───── LISTED RECORDS

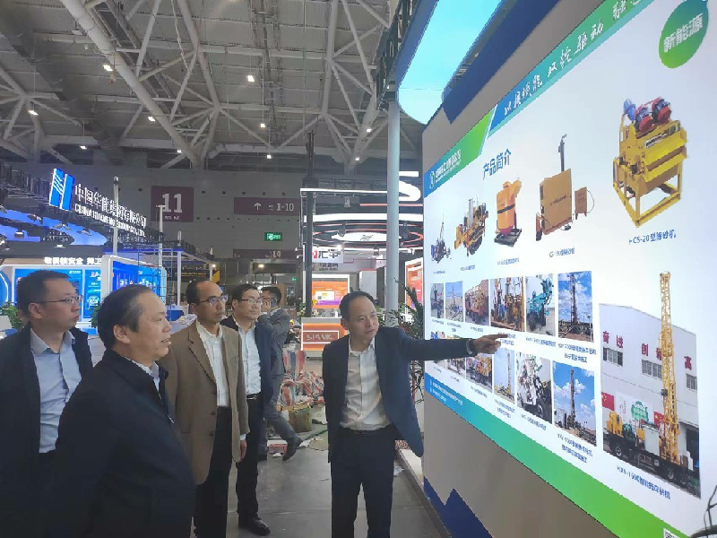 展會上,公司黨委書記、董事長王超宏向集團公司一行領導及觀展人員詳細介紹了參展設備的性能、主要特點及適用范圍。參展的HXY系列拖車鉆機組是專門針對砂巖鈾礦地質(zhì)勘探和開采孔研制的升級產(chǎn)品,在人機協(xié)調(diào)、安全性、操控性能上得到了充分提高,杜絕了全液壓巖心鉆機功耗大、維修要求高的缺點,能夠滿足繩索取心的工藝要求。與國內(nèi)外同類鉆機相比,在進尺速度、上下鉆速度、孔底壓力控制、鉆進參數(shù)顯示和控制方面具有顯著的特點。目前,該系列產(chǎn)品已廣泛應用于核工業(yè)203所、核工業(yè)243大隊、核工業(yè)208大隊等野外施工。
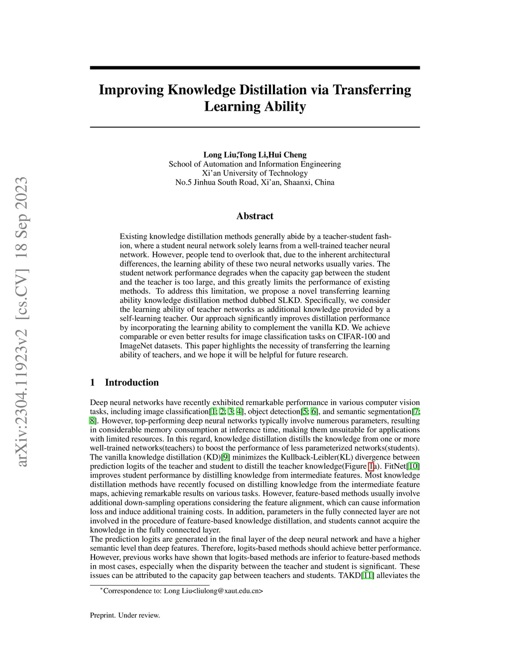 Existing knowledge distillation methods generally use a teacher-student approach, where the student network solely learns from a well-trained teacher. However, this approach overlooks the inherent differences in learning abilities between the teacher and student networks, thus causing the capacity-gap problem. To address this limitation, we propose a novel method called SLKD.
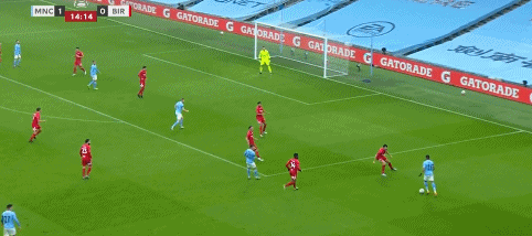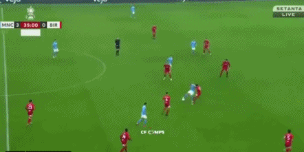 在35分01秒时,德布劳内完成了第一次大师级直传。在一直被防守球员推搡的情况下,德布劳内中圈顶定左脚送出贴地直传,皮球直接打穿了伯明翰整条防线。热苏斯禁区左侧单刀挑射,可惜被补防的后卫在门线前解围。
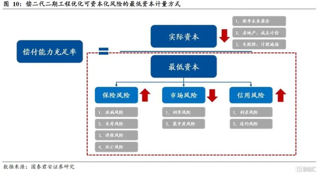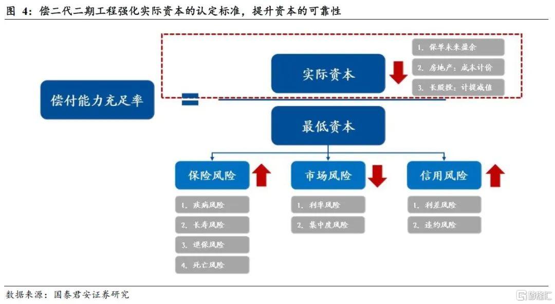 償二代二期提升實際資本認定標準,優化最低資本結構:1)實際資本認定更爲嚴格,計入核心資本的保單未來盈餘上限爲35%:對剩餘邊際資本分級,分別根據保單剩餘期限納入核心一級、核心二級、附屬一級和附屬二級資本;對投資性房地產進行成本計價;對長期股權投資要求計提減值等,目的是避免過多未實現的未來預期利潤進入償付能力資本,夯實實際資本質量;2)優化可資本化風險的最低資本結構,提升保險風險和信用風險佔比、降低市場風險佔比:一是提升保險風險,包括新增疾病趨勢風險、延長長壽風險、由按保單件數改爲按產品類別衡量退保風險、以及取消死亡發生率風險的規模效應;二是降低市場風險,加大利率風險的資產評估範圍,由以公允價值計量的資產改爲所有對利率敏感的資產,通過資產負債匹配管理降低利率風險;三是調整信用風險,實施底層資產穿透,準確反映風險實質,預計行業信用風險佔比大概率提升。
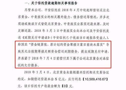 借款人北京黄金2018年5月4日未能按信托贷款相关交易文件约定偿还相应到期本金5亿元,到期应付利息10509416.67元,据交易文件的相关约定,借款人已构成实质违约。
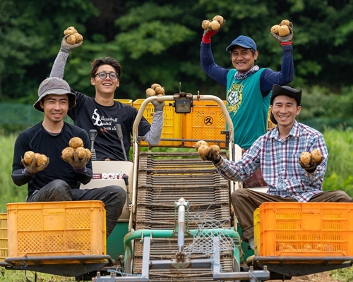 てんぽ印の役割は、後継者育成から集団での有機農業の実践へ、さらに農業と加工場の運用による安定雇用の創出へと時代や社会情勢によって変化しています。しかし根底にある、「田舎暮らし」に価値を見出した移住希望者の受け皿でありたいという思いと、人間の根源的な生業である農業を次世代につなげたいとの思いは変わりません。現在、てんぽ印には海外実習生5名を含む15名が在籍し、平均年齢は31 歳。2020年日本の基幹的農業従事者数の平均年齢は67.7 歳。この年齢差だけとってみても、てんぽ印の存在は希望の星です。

──────────
───── LISTED RECORDS

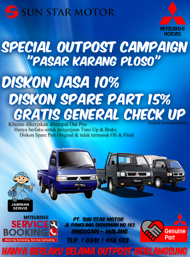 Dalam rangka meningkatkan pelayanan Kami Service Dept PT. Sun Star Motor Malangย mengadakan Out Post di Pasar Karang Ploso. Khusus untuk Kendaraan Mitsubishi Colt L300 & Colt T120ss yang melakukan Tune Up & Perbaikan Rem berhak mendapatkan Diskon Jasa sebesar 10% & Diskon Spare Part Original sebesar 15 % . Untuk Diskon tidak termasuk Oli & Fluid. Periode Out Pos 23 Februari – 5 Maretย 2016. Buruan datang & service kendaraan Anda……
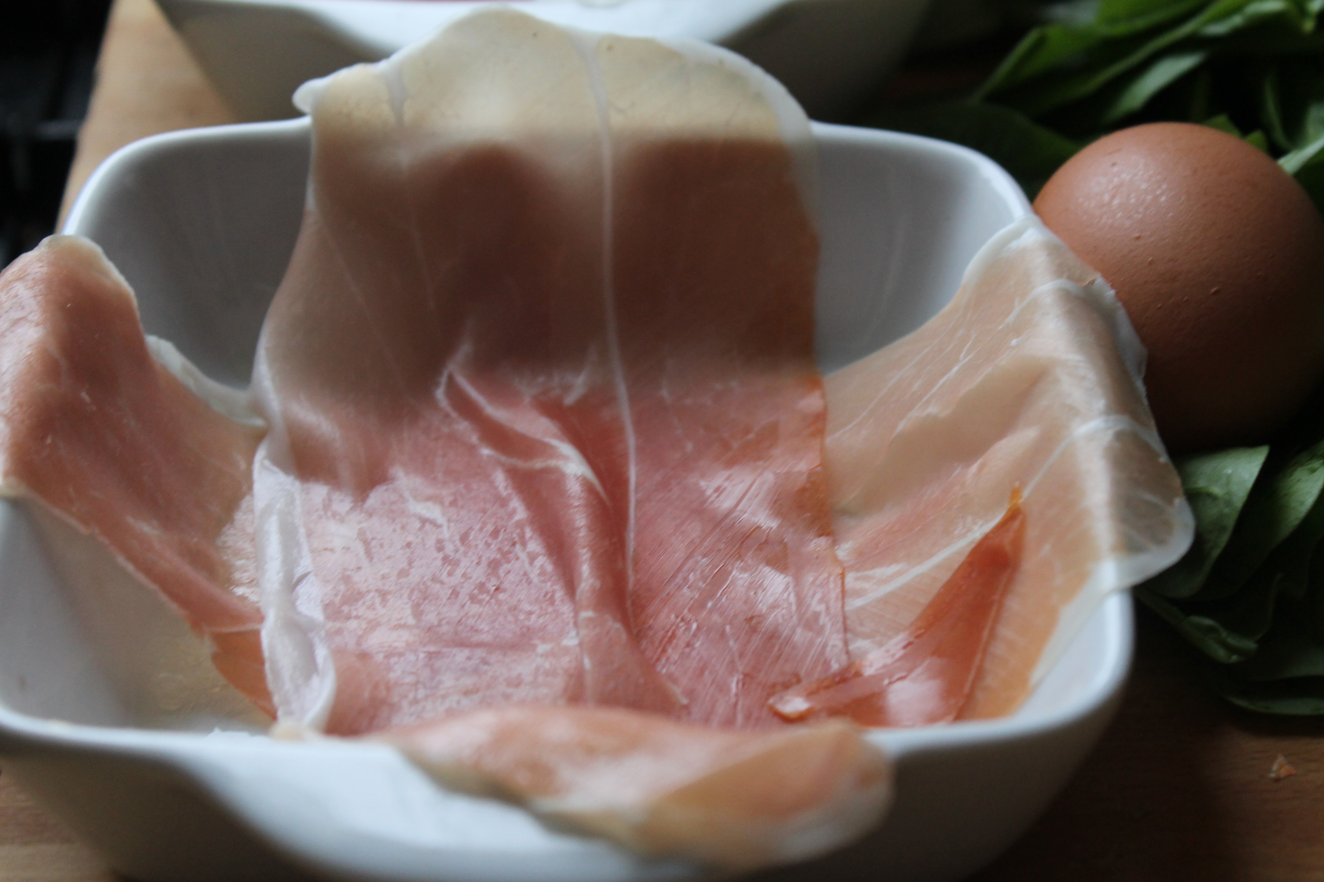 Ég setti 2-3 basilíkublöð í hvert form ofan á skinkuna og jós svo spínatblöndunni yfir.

──────────
───── LISTED RECORDS

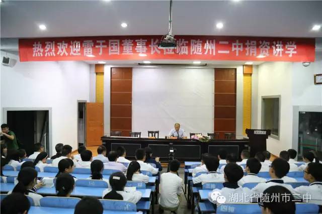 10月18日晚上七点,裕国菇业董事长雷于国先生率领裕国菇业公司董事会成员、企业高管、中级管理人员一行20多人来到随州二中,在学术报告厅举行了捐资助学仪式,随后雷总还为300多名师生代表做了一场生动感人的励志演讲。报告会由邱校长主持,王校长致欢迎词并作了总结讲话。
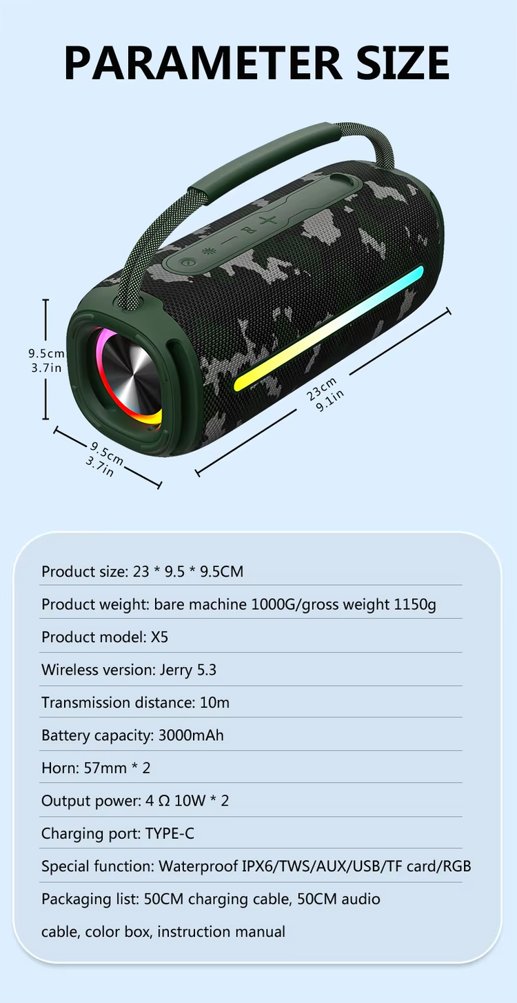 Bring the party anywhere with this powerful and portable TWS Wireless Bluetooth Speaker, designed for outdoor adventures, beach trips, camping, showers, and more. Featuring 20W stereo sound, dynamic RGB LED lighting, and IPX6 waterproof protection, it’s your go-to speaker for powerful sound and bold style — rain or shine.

──────────

#### [WHAT THE EXERCISE ASKS]
Extract from the material above the stretch running from the line containing "Existing knowledge distillation" through the line containing "在35分01秒时,德布劳内完". Keep the text exact and the pictures out.

#### [TASK RESPONSE]
 Existing knowledge distillation methods generally use a teacher-student approach, where the student network solely learns from a well-trained teacher. However, this approach overlooks the inherent differences in learning abilities between the teacher and student networks, thus causing the capacity-gap problem. To address this limitation, we propose a novel method called SLKD.
 在35分01秒时,德布劳内完成了第一次大师级直传。在一直被防守球员推搡的情况下,德布劳内中圈顶定左脚送出贴地直传,皮球直接打穿了伯明翰整条防线。热苏斯禁区左侧单刀挑射,可惜被补防的后卫在门线前解围。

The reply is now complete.